Russian warplanes bombed an 80-km (50 mile) wide river ice floe on Thursday in an attempt to unblock a build-up of meltwater which has forced thousands of people from flooded homes in eastern Siberia, the Emergencies Ministry said. But spokeswoman Marina Ryklina said the water level remained critically high around the town of Lensk. Helicopters were still evacuating residents and delivering vital supplies to remote settlements along the Lena river.
"Fighter planes have dropped another six bombs on the ice blockage, but the water level has not fallen," Ryklina said. "In Lensk the water is about five m (16 feet) above the critical level."
"They've got generators to keep the hospitals running and there have not been any casualties. But the situation is bad, it is worrying," she said.
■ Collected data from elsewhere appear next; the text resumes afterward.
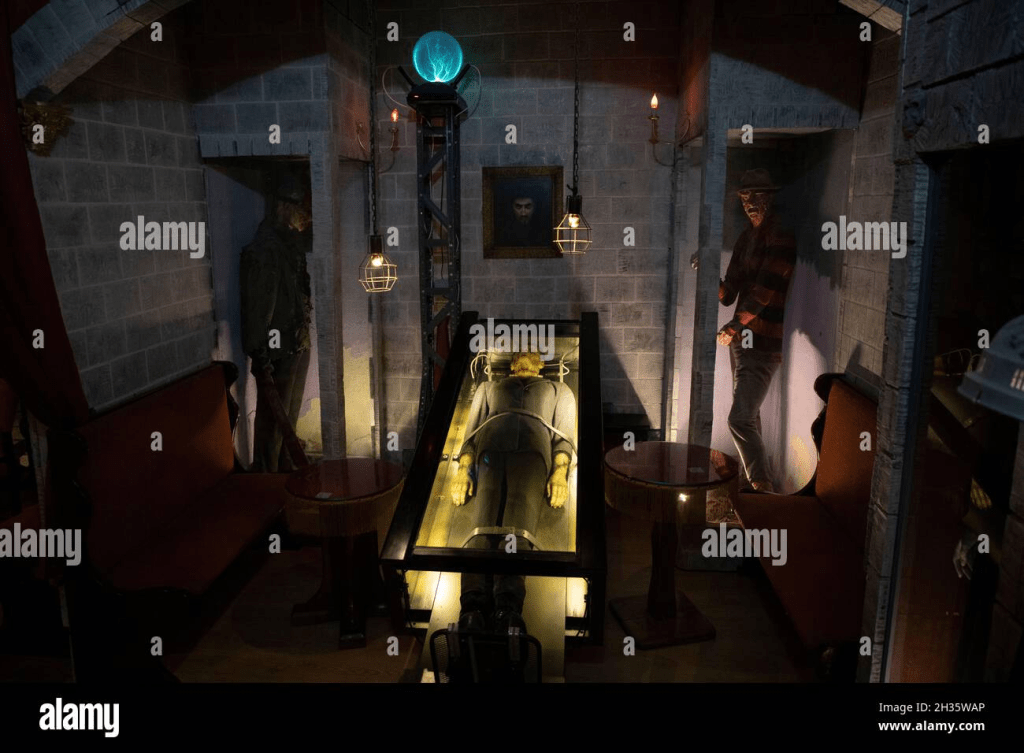 La decoración del lugar, en forma de mazmorra, y la mortecina iluminación contribuían a reforzar el carácter opresivo de este. Caminé asustado por varias estancias, pero solo encontraba a más seres terroríficos.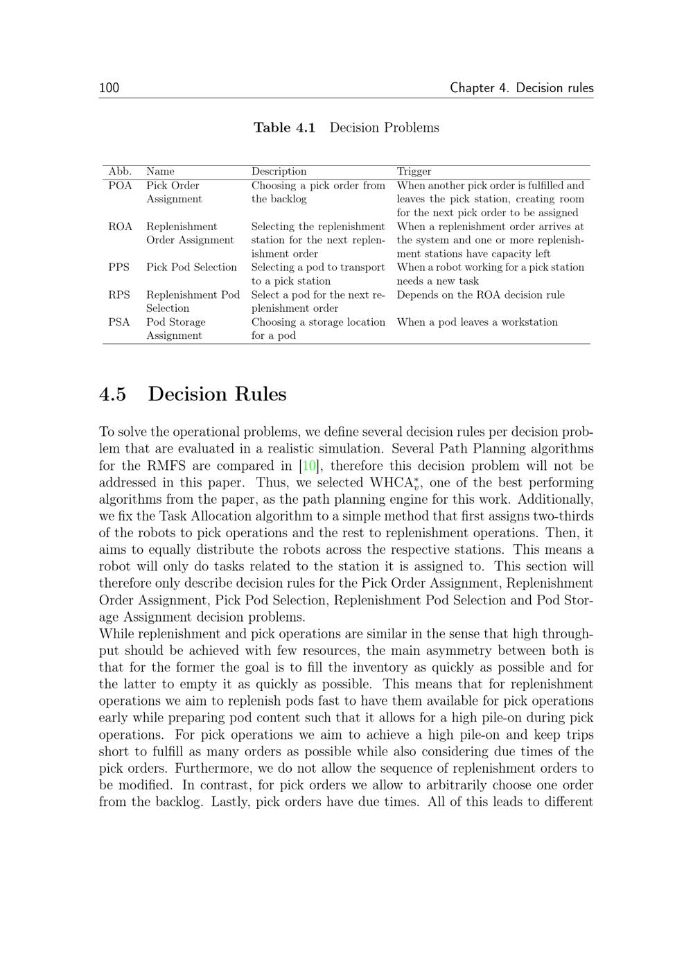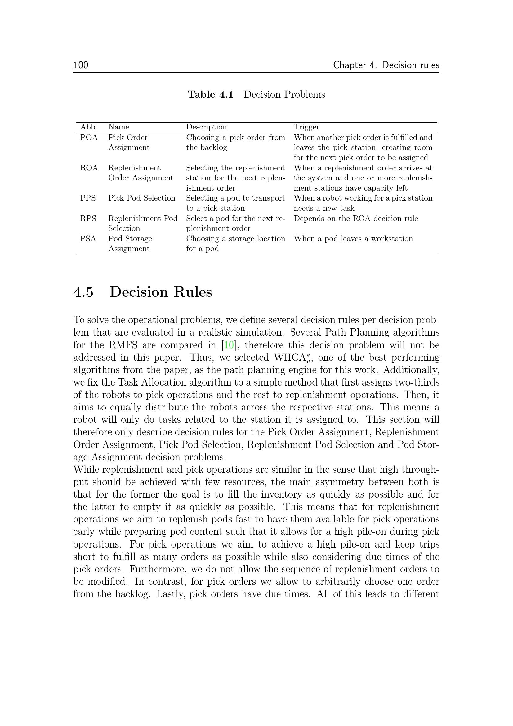 4 Decision rules for Robotic Mobile Fulfillment Systems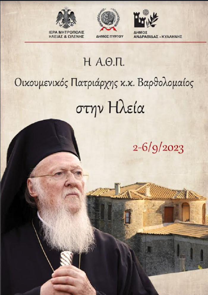 – Η επίσκεψη του Οικουμενικού Πατριάρχη πραγματοποιείται κατόπιν επίσημης κοινής πρόσκλησης της Ι.Μ. Ηλείας και των δύο Δήμων, με αφορμή την Ημερίδα με τίτλο «Η κοινή αειφόρος συνθήκη στο φυσικό και αστικό περιβάλλον – Εκφάνσεις του πολιτιστικού και περιβαλλοντικού αποτυπώματος του Οικουμενικού Πατριαρχείου» που θα διεξαχθεί στο Συνεδριακό Κέντρο της Π.Ε Ηλείας στις 4/9. Η ημερίδα διοργανώνεται από το Δήμο Πύργου, το Δήμο Ανδραβίδας Κυλλήνης, σε συνεργασία με το Πατριαρχικό Ίδρυμα Πατερικών Μελετών, την Ι.Μ. Ηλείας και το Οικουμενικό Πατριαρχείο.
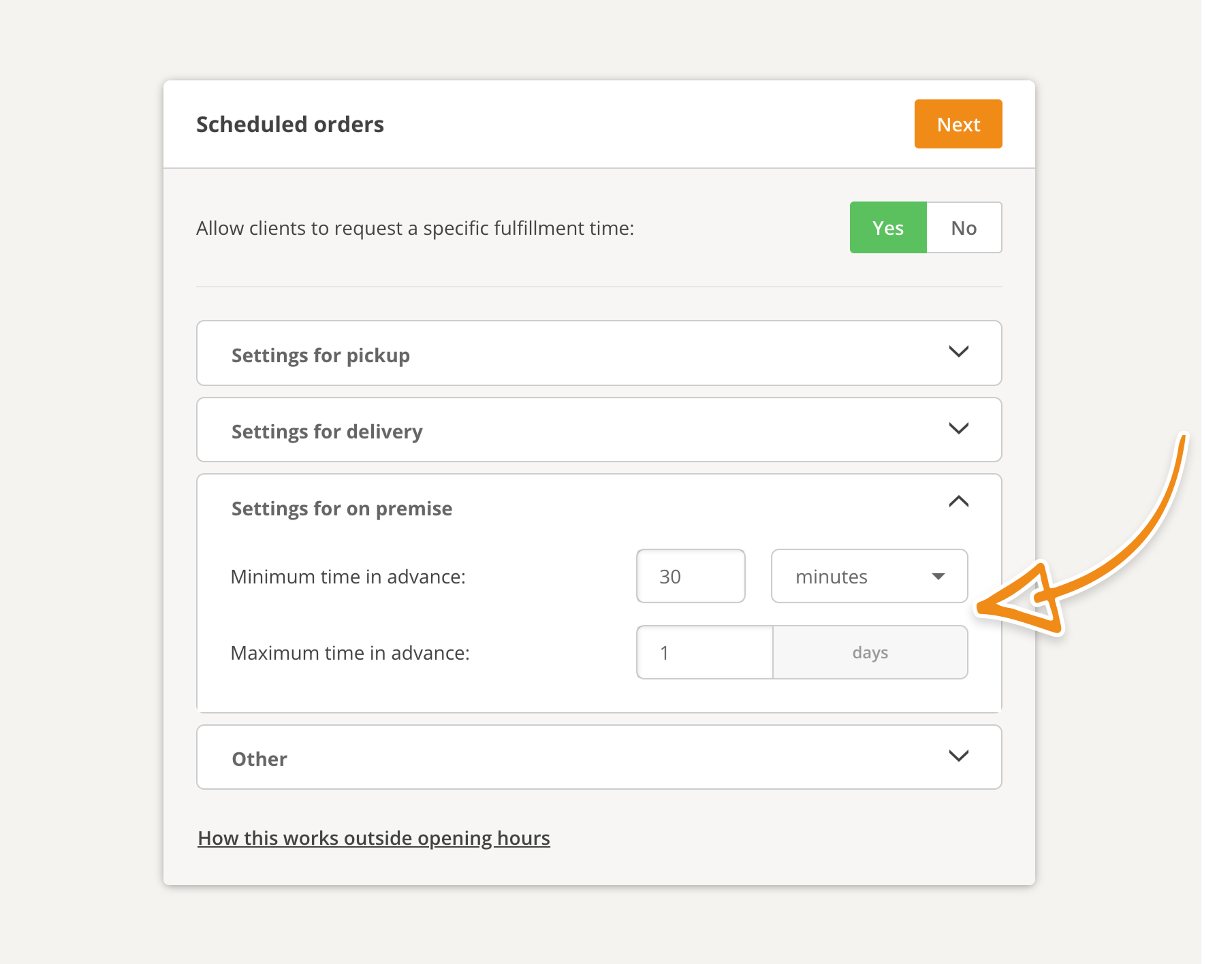 If you accept scheduled on-premise orders, you can now set up a minimum and maximum time in advance. This can help in scenarios like room service orders where guests want to schedule breakfast in advance.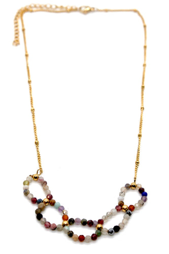 Semi Precious Stone Beaded Link Necklace -French Flair Collection- N2-2248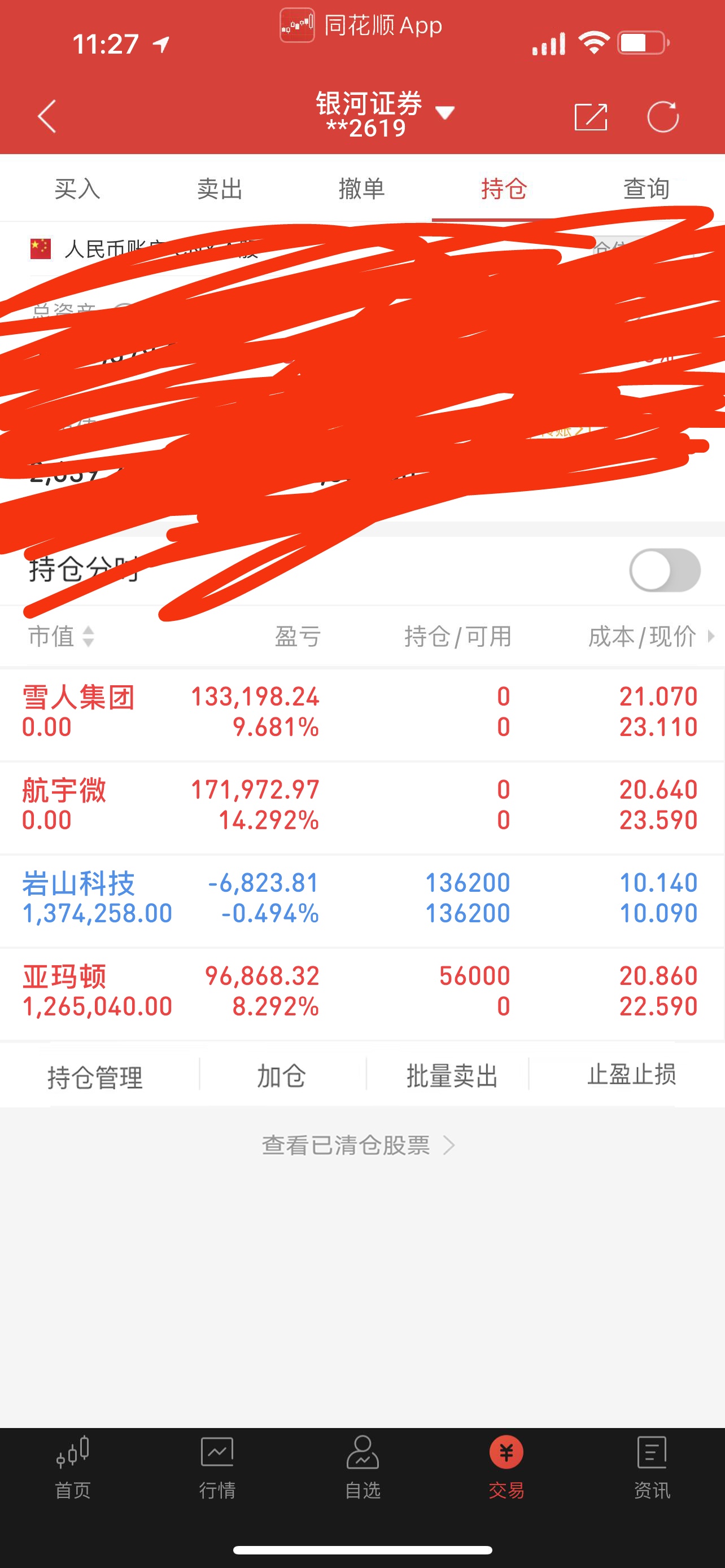 早上给雪人集团和航宇微给止盈出局了,航宇微还不错到手14cm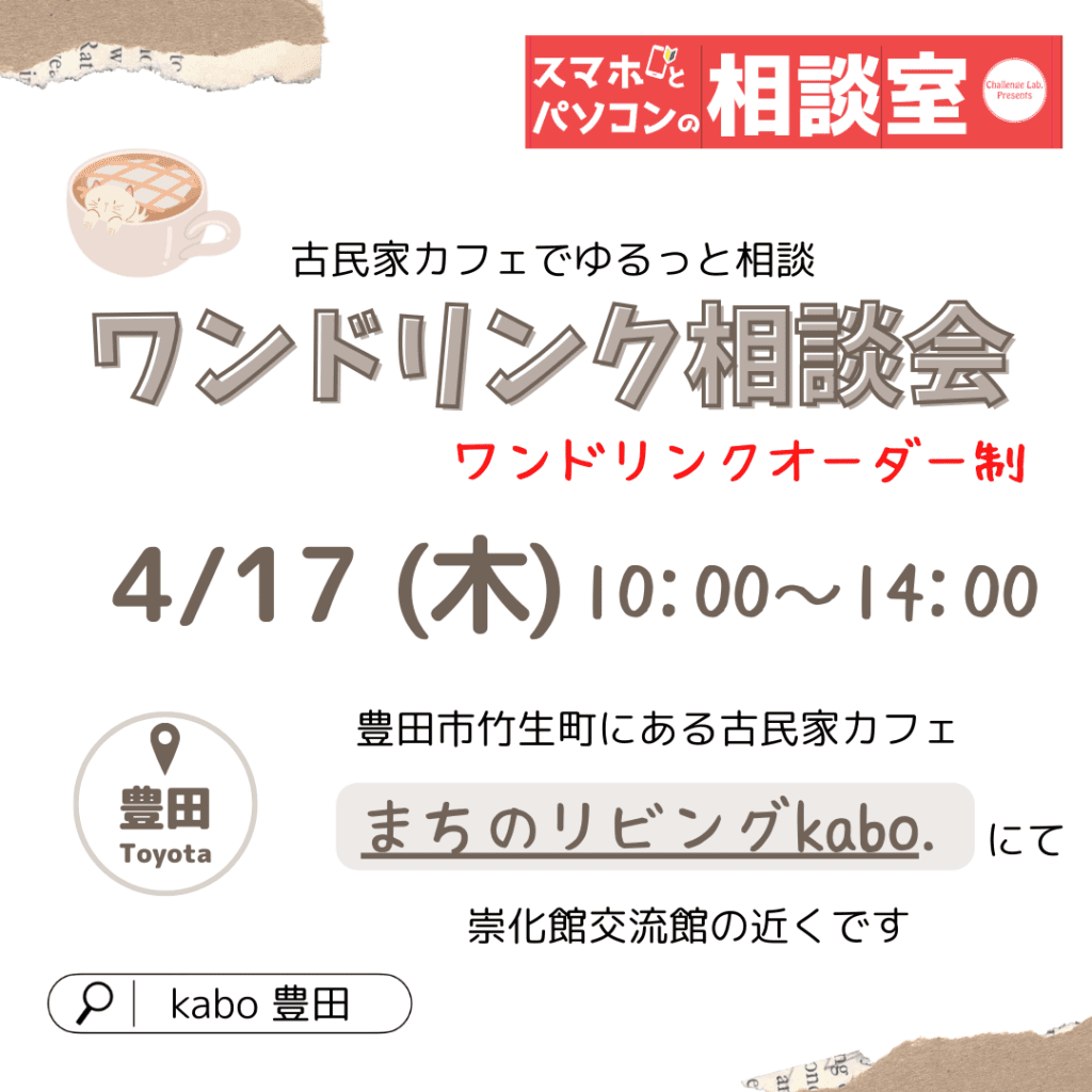 4月のワンドリンク相談会のお知らせ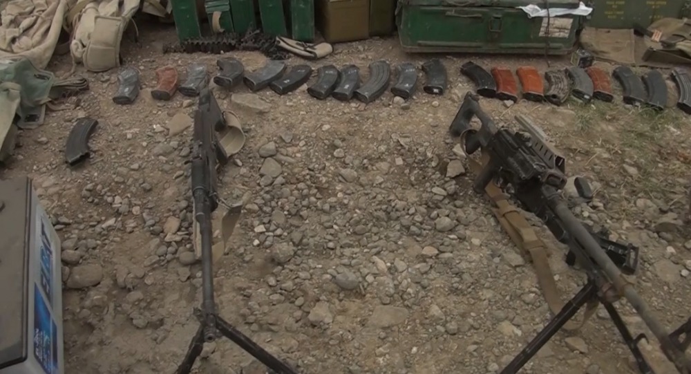 The footage shows the seizure of weapons and ammunition belonging to the enemy army by the servicemen of the Azerbaijan Armed Forces. It can be seen from the footage that the enemy fled, leaving a large number of equipment and ammunition in the battle positions.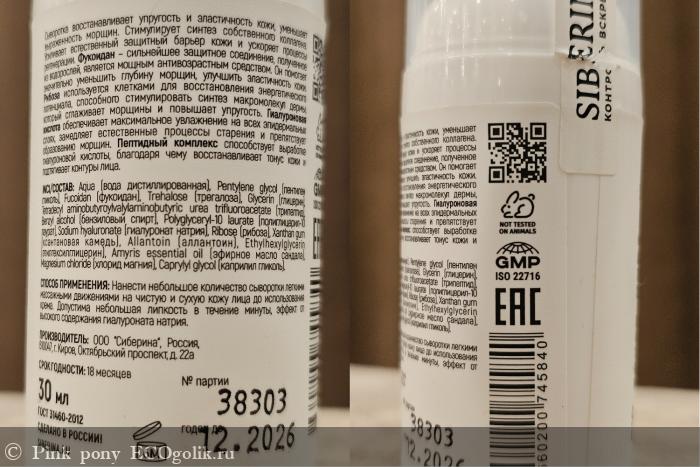 Pink pony: Натуральная антивозрастная гиалуроновая сыворотка с пептидным комплексом и фукоиданом для лица, шеи и зоны декольте SIBERINA

Ryklina said thicker-than-normal ice had melted and surged down the Lena this week when a heatwave hit Siberia's Irkutsk region, upriver from Lensk. "But the real problem is that in the north the ice has not melted yet, and this meltwater had nowhere to go," she said.
Shoigu, who is in the Sakha region overseeing the operation, said planes were still trying to destroy a mass of ice reported by Russian media to be 80 km (50 miles) wide and several meters thick, and blocking the Lena about 75 km east of Lensk.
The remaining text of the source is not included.